» **PROBLEM**:
Everything in the entries below except the pictures must be returned exactly.

BEGIN EXTRACTED RECORDS

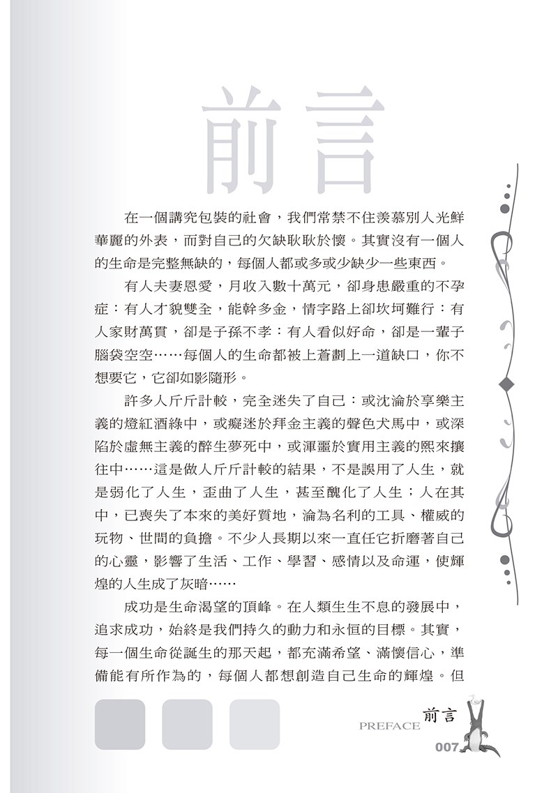 在一個講究包裝的社會,我們常禁不住羡慕別人光鮮華麗的外表,而對自己的欠缺耿耿於懷。其實沒有一個人的生命是完整無缺的,每個人都或多或少缺少一些東西。
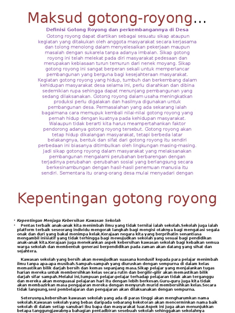 Kepentingan gotong royong di sekolah. Mengikut kamus dewan gotong royong bermaksud tolong menolong atau kerja bersama sama. Amalan ini merupakan budaya yang dipraktikkan sejak generasi dulu dan amalan ini dianggap tak basah dek hujan tak lekang dek panas. Mengikut kamus dewan gotong royong bermaksud tolong menolong atau kerja bersama sama. Bekerja bersama sama tolong menolong bantu membantu diantara anggota anggota suatu komunitas.
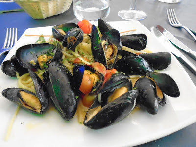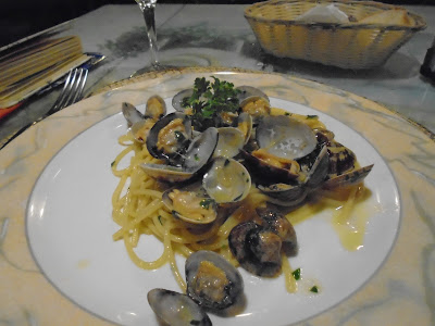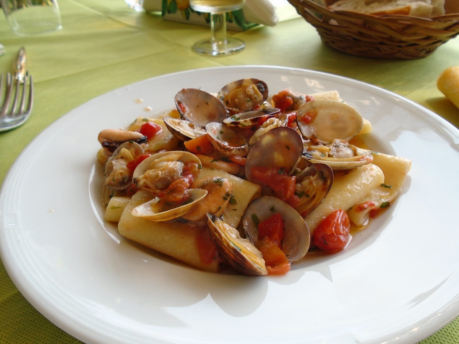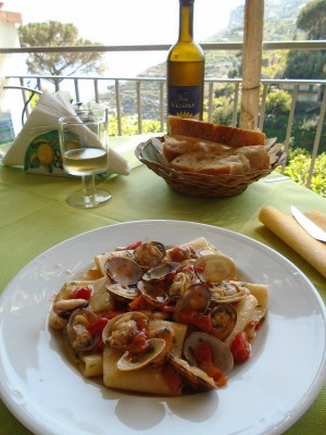 So after I showered and put on some fresh clothes and went back out to the terrace (terrazzo) Vincenzo asked me if I wanted a little pasta?Hell Yeah!!! Then Vincenzo asked if I wanted some wine. Again, Heck Yeah! I had his Vino Bianco, and when he brought me the plate of pasta(Paccheri with Clams & Mussels) that Maria made me, I was in 7th Heaven!
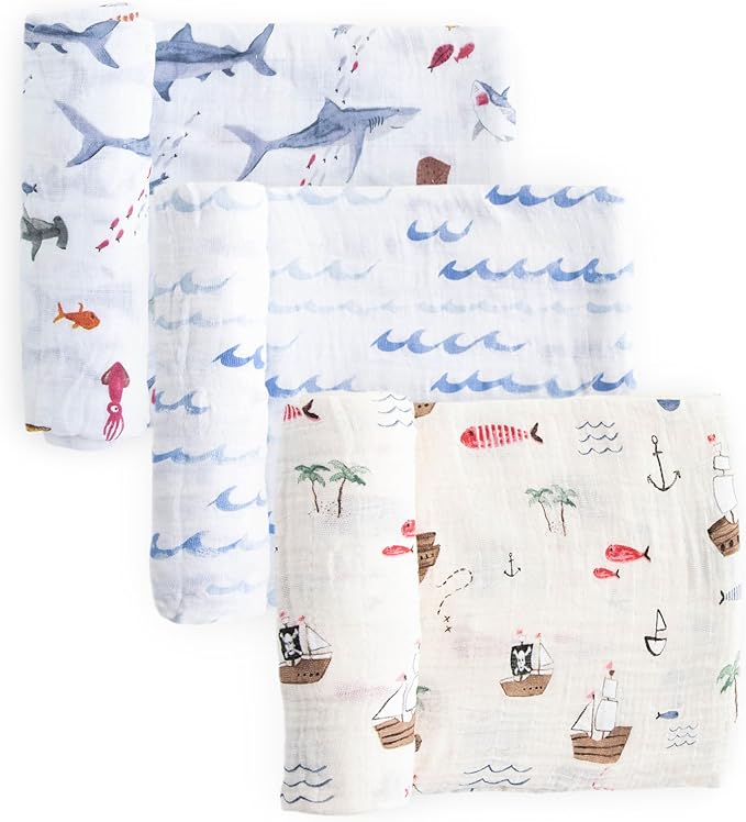 Little Unicorn Premium Muslin Swaddle Blanket 3 Pack | for swaddling, Play, Nursing & More | Giftable Set of 3 (Shark 2)
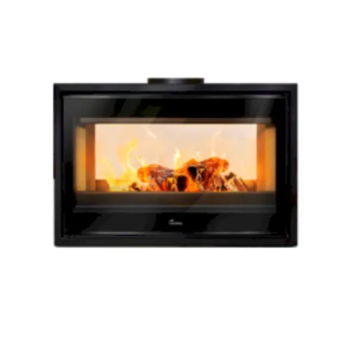 A Salamandra Verona 800 da Lacunza é um fogão a lenha panorâmico, com vidro duplo, concebido para oferecer linhas limpas e excelente transparência visual. Ideal para separar ambientes ou servir como elemento central de estética numa divisão, proporciona uma experiência de fogo envolvente.
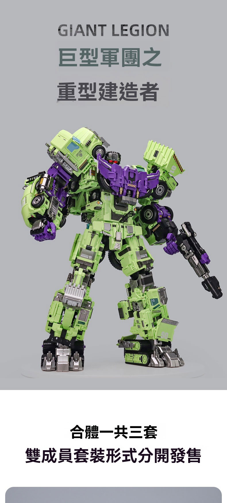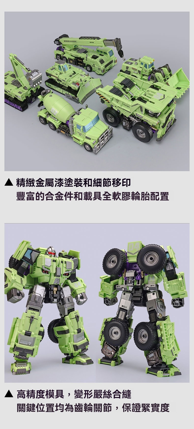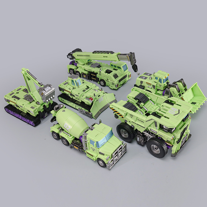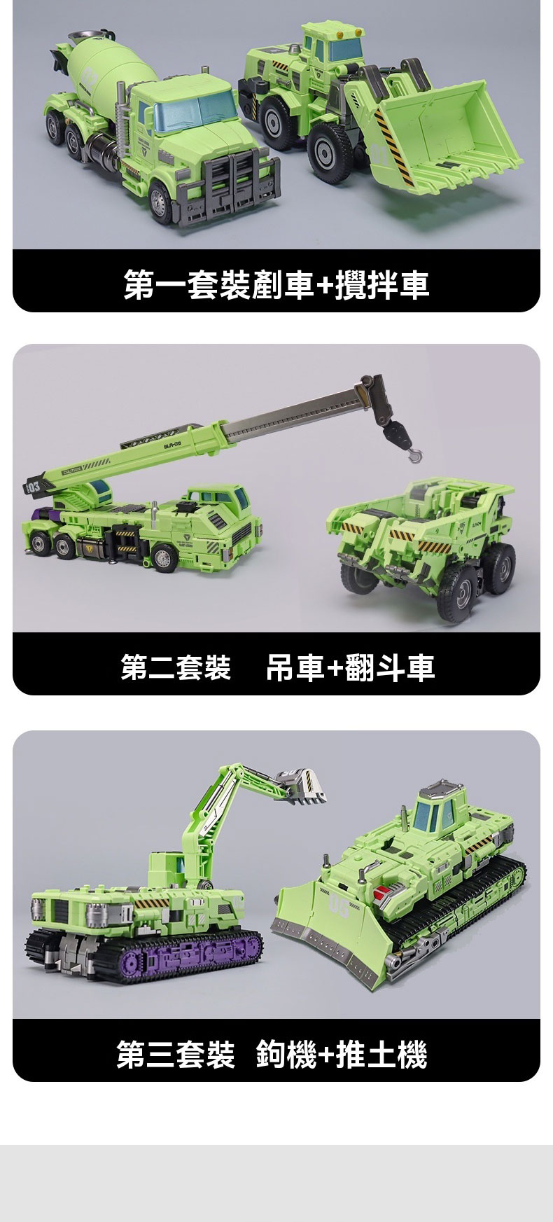 三套绿色合体装, 第三套装钩机+推土机, 第二套裝吊車+翻鬥車, 第壹套裝鏟車+攪拌車
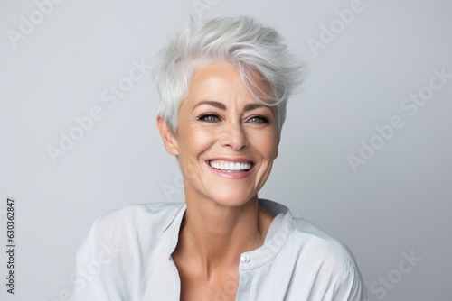 Beautiful elderly senior woman, model, woman with grey hair laughing and smiling into camera, old lady portrait, skin care, cosmetics, dental, beauty, generative ai
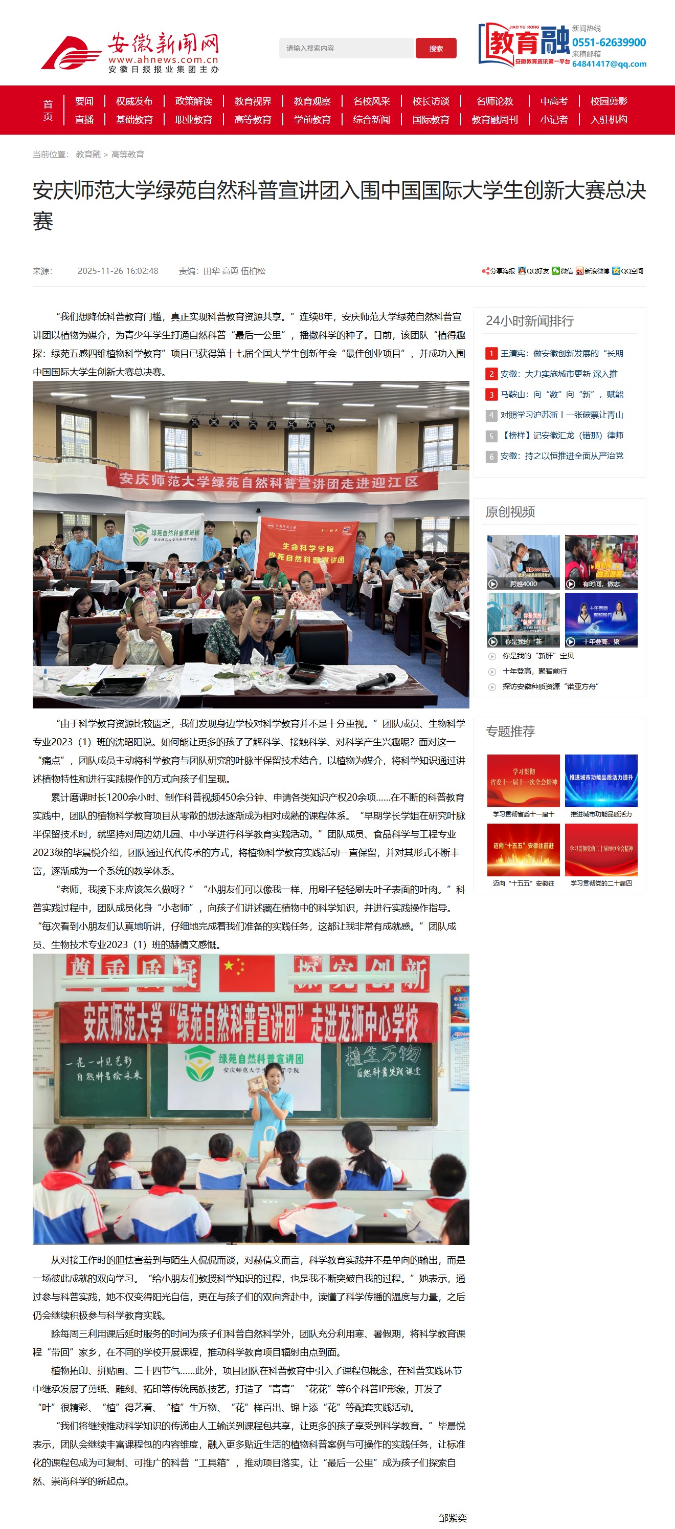 【安徽新闻网】beat365英国官网网站绿苑自然科普宣讲团入围中国国际大学生创新大赛总决赛http://xxt.ahnews.com.cn/news/2025/11/26/c_42743.htm

END EXTRACTED RECORDS

» **RESULT OF THIS TASK**:
 在一個講究包裝的社會,我們常禁不住羡慕別人光鮮華麗的外表,而對自己的欠缺耿耿於懷。其實沒有一個人的生命是完整無缺的,每個人都或多或少缺少一些東西。
 Kepentingan gotong royong di sekolah. Mengikut kamus dewan gotong royong bermaksud tolong menolong atau kerja bersama sama. Amalan ini merupakan budaya yang dipraktikkan sejak generasi dulu dan amalan ini dianggap tak basah dek hujan tak lekang dek panas. Mengikut kamus dewan gotong royong bermaksud tolong menolong atau kerja bersama sama. Bekerja bersama sama tolong menolong bantu membantu diantara anggota anggota suatu komunitas.
 So after I showered and put on some fresh clothes and went back out to the terrace (terrazzo) Vincenzo asked me if I wanted a little pasta?Hell Yeah!!! Then Vincenzo asked if I wanted some wine. Again, Heck Yeah! I had his Vino Bianco, and when he brought me the plate of pasta(Paccheri with Clams & Mussels) that Maria made me, I was in 7th Heaven!
 Little Unicorn Premium Muslin Swaddle Blanket 3 Pack | for swaddling, Play, Nursing & More | Giftable Set of 3 (Shark 2)
 A Salamandra Verona 800 da Lacunza é um fogão a lenha panorâmico, com vidro duplo, concebido para oferecer linhas limpas e excelente transparência visual. Ideal para separar ambientes ou servir como elemento central de estética numa divisão, proporciona uma experiência de fogo envolvente.
 三套绿色合体装, 第三套装钩机+推土机, 第二套裝吊車+翻鬥車, 第壹套裝鏟車+攪拌車
 Beautiful elderly senior woman, model, woman with grey hair laughing and smiling into camera, old lady portrait, skin care, cosmetics, dental, beauty, generative ai
 【安徽新闻网】beat365英国官网网站绿苑自然科普宣讲团入围中国国际大学生创新大赛总决赛http://xxt.ahnews.com.cn/news/2025/11/26/c_42743.htm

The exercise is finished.